Vaccines and Narcolepsy: What We Learned Since the H1N1 Vaccine
We first started to understand the connection between narcolepsy and our immune system after the 2009 H1N1 pandemic. Doctors saw a surge of new narcolepsy cases after people recovered from the H1N1 swine flu, and 1 of the H1N1 vaccines used in northern Europe increased the risk of developing narcolepsy.1
We now know that infections from viruses and bacteria can trigger narcolepsy in people with certain genetic markers. Plus, we learned that vaccines can also cause narcolepsy by triggering the same autoimmune reaction.1
No vaccines used in the United States have caused narcolepsy, and the benefits of vaccines almost always outweigh the risks.
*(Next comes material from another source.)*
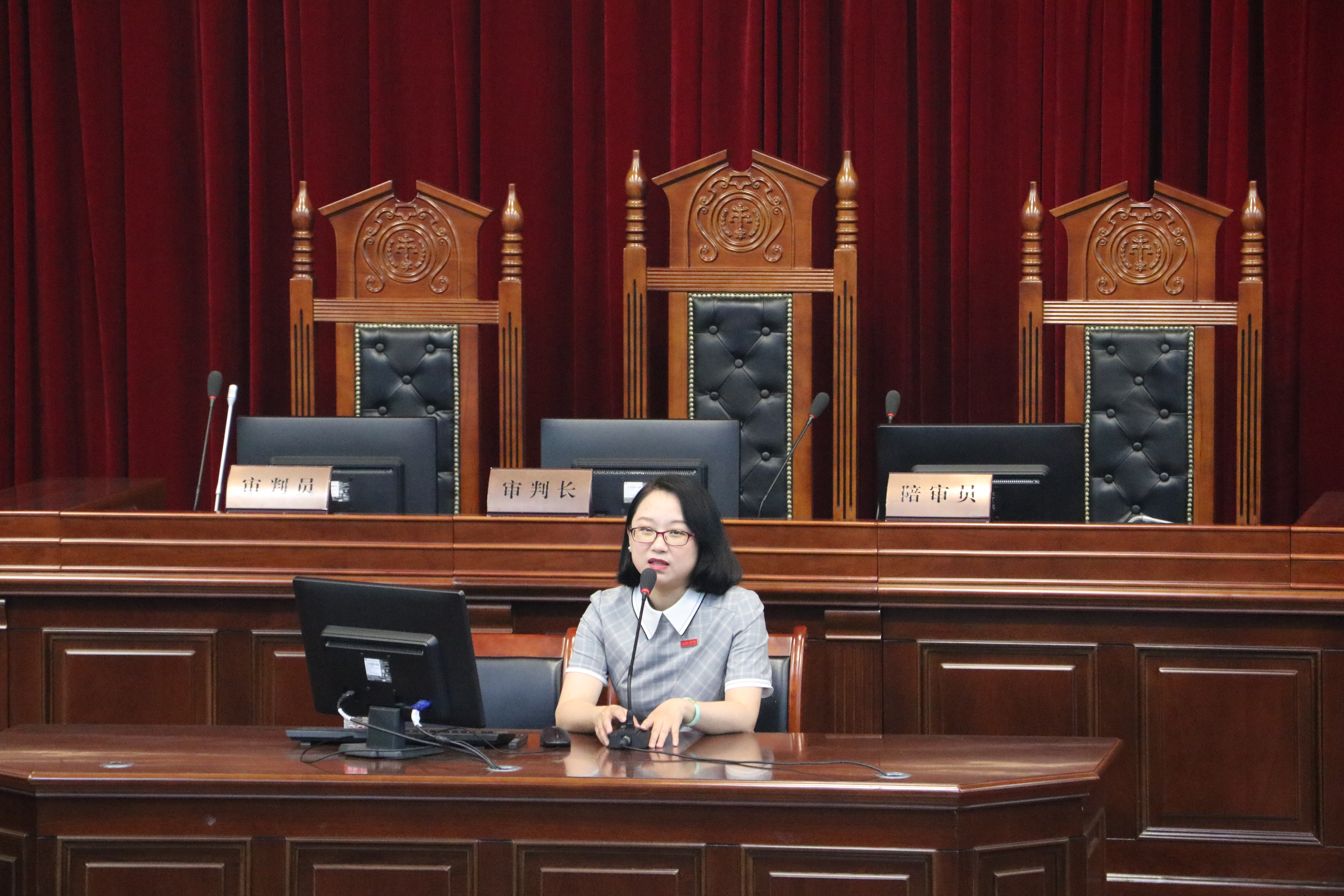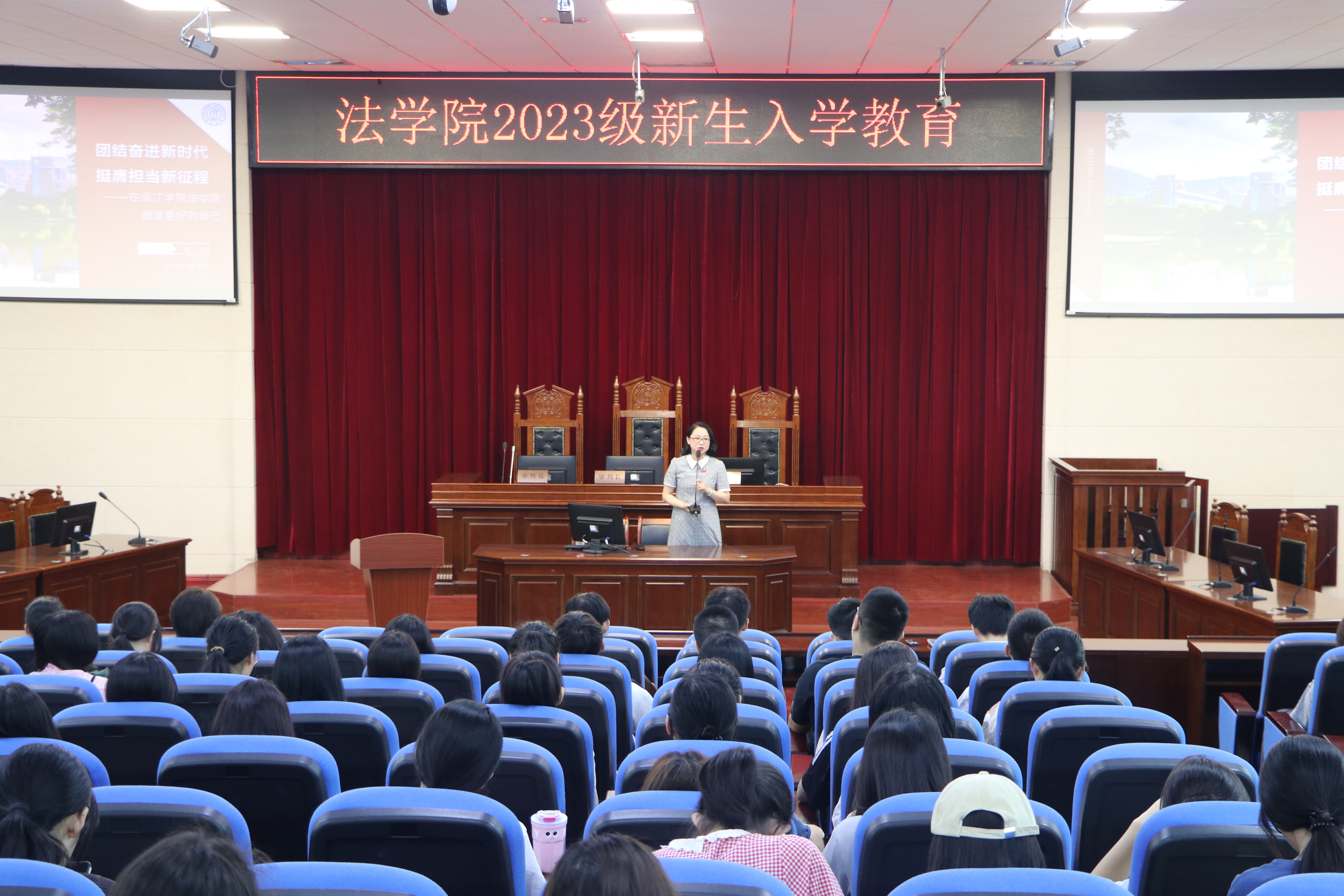 9月15日上午,可乐小说网 党委书记戴少娟在模拟法庭为2023级可乐小说网 新生讲授题为“团结奋进新时代,挺膺担当新征程——在可乐小说网 塑造更好的自己”的“开学第一课”。

However, as we prepare for the COVID-19 vaccine, it is important to learn from past events and understand the risks.
What is the connection between narcolepsy, infections, and vaccines?
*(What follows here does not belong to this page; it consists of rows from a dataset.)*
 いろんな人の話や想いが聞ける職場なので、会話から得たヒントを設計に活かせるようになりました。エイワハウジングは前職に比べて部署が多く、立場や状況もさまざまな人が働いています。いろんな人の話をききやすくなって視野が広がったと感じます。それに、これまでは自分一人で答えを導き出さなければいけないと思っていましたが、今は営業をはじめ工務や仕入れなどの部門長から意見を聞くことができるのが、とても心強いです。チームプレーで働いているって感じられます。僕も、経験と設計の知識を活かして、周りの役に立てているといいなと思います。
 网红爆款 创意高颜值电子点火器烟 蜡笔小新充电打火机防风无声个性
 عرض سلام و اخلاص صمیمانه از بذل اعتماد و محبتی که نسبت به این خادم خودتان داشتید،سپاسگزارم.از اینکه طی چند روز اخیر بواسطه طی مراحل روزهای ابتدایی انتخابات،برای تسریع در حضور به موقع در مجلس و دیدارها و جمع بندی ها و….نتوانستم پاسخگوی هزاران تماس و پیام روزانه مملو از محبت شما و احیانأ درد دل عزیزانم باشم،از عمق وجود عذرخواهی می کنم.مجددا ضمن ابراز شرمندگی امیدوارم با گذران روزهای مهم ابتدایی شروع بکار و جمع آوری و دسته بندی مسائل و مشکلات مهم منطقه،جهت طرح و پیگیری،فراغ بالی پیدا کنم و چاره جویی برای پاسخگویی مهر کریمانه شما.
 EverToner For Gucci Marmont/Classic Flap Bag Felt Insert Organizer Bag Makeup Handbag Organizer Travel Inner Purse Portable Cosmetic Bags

People with narcolepsy have a faulty barrier between sleep and wake. This leads to sudden attacks of sleep during the day and other symptoms. We now know that an autoimmune reaction can trigger narcolepsy. This happens when your immune system attacks your body instead of foreign invaders like viruses and bacteria.2,3
Most people with narcolepsy have a mutation in a gene called HLA-DQB1. This gene helps the immune system tell the difference between your own proteins and proteins made by foreign invaders. People who have a certain version of the HLA-DQB1 gene, called HLA-DQB1*0602, seem to be more likely to have narcolepsy.4,5
In the brains of people with narcolepsy, the immune system attacks cells that produce a hormone called hypocretin. Hypocretin regulates sleep and energy. Without enough hypocretin, it is difficult to stay awake.3,6
Proteins in certain viruses look similar to proteins on brain cells that produce hypocretin. When people with HLA-DQB1*0602 are exposed to these viruses, the immune system can accidentally attack these cells. Vaccines that contain pieces of these viruses can also trigger this reaction.4,6,7
Not all viruses and vaccines have proteins that cause this reaction. In fact, no vaccines regularly used in the United States cause narcolepsy.
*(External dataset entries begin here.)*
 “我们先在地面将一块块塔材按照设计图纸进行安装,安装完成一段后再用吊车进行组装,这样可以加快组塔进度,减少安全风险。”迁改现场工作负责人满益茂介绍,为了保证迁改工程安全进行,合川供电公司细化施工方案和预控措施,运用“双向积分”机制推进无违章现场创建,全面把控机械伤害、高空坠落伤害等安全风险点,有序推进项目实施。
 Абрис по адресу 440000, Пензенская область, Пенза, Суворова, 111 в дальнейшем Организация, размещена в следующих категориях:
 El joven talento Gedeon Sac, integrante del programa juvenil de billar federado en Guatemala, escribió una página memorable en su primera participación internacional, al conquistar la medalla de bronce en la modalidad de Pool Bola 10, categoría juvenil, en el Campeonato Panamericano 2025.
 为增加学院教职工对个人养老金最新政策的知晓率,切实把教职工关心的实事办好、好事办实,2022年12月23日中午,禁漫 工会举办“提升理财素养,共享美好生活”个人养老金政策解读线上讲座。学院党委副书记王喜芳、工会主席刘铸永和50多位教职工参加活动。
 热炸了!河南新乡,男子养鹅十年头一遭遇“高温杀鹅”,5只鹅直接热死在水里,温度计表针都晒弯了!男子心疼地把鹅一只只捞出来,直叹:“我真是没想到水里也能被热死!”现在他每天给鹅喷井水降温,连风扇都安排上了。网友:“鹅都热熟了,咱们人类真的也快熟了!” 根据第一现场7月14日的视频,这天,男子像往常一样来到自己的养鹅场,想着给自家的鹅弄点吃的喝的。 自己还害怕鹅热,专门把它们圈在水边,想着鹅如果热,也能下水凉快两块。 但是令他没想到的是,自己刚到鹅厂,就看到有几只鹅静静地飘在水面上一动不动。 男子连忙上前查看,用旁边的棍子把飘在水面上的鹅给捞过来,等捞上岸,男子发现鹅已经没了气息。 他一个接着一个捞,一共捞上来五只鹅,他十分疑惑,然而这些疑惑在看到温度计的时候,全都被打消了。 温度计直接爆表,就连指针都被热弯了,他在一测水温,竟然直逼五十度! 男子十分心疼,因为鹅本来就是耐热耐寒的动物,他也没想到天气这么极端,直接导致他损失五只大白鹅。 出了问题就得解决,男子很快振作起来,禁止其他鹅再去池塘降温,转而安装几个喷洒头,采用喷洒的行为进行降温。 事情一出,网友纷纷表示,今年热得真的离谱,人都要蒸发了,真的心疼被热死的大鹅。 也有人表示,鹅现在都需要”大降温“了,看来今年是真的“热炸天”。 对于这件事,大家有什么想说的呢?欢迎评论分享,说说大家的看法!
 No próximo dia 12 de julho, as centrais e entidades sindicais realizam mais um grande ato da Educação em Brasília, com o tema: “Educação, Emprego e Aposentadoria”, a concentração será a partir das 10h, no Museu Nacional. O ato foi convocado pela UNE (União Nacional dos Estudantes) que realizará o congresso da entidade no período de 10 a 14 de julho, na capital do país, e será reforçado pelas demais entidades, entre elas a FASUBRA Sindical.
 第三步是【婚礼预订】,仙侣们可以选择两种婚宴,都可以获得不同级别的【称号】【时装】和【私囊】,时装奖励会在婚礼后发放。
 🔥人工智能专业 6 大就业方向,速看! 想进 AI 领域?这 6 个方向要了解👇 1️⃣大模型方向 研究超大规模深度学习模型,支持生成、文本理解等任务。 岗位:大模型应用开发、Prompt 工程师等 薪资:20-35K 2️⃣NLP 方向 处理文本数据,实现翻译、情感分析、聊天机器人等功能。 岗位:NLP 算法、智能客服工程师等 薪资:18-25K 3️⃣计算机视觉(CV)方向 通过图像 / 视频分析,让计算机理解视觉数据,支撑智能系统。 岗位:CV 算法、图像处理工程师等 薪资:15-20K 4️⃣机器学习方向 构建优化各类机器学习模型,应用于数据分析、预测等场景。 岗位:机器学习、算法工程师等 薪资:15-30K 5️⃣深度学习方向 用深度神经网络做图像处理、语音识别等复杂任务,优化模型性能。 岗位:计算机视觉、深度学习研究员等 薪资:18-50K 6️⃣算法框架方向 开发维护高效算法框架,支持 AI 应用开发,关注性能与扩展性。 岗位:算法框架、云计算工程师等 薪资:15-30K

What happened with the H1N1 vaccine?
The connection between narcolepsy and our immune system became clearer after the 2009 H1N1 influenza pandemic. China reported a surge of narcolepsy cases among children after the pandemic. Most of these cases occurred in people who did not receive an H1N1 vaccine, so narcolepsy seemed to be a side effect of H1N1.4,8-10
A rise in narcolepsy cases also occurred in people from countries that administered a certain H1N1 vaccine. This vaccine, called Pandemrix, was used mostly in northern Europe. It was never used in the United States.11-13
Pandemrix caused narcolepsy in about 1 out of every 16,000 children who were vaccinated. The rate varied a great deal by region. Countries with people who have a smaller genetic risk for narcolepsy – areas where many do not have the HLA DQB1*0602 gene mutation, for example – did not see a surge of narcolepsy cases from Pandemrix.6
We still do not know exactly why Pandemrix increased the risk of narcolepsy. Other similar vaccines did not increase narcolepsy risk in other countries. Experts think it could be linked to either the viral protein in Pandemrix, other components in the vaccine, or the timing of the vaccination program in northern Europe.4,5
Even still, the H1N1 vaccination saved many lives by preventing the spread of disease. Because H1N1 itself is a risk factor for narcolepsy, vaccination may have reduced the frequency of H1N1-induced narcolepsy in many areas of the world.10
Should I be worried about the COVID-19 vaccine?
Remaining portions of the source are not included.